Once the results of the previous experiment were clear, the next question we wanted to answer was: are these inducible morphologies and behaviour really effective in reducing predation risk of the introduced frogs? Or it is just some spurious outcome? For this we had to plan some predation trials, and – believe me – it is really a fun work to do. We reared induced and non-induced tadpoles, predators, and prepared some water tanks with plastic plants and natural stones: after some weeks, we were ready for enjoying the work in this new experiment. I have to admit I was eager to see in front of my eyes – and I mean, the action, not the plot of data – how the native predators tried to feast on the introduced tadpoles and how the induced individuals managed to avoid it. Would this be the outcome? Or would the results in this second experiment contradict the first, showing us that what we thought as “inducible defenses” were in fact a non-adaptive change in morphology and behavior? More importantly for our motivation, this time nothing could go wrong: sheep are not allowed in the lab. The results were clear, easy to interpret, and did not contradict the first experiment. And yes, making preliminary tests with Notonecta backswimmers allowed us to enjoy seeing them in action. Backswimmers are indeed spectacular predators when they become hungry: we could not keep them together with the Libellulid darter nymphs because they ate some of them as well.

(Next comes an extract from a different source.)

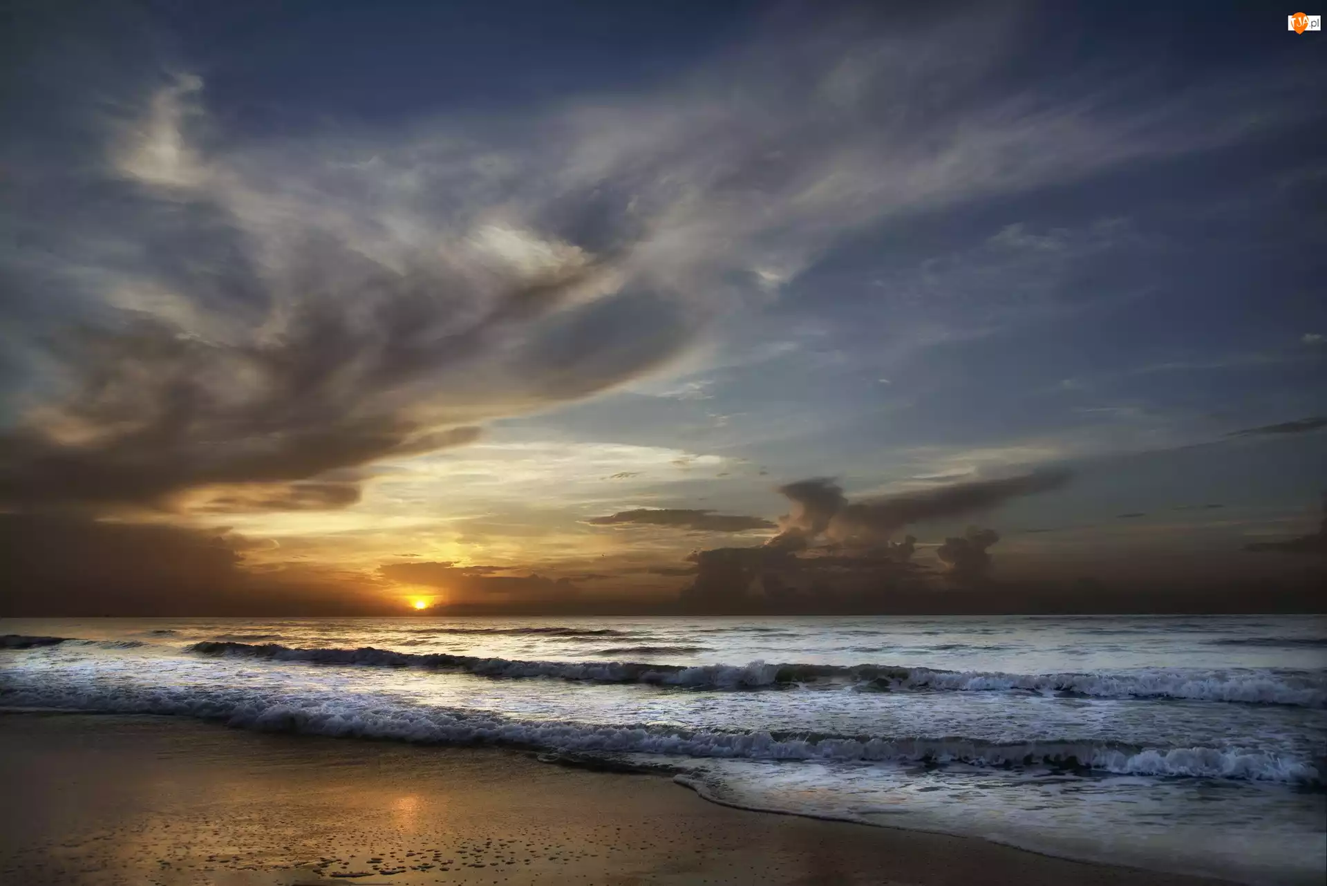 Morze, Slonca, Chmury, Niebo, Zachod

So, morphological results were similar, and induced tadpoles really survived better the predation trials than non-induced. Summing up, we detected marked reactions of antipredator phenotypic plasticity in Discoglossus pictus tadpoles and these reactions seemed clearly effective in reducing their mortality and injury rates against the predators.

More experiments would be needed to confirm this, but we believe that the introduced frog benefits from a previous experience of these – or very similar – predator species. In conclusion, even though native and invasive ranges of Discoglossus pictus are in different continents, the similarity of predator communities of both areas may make this fact unimportant in terms of predator-prey interactions during its larval phase. Going back where we started, the introduced frog is not behaving like an introduced species in this case. We hope that the readers find the study interesting and inspiring for further work on the topic.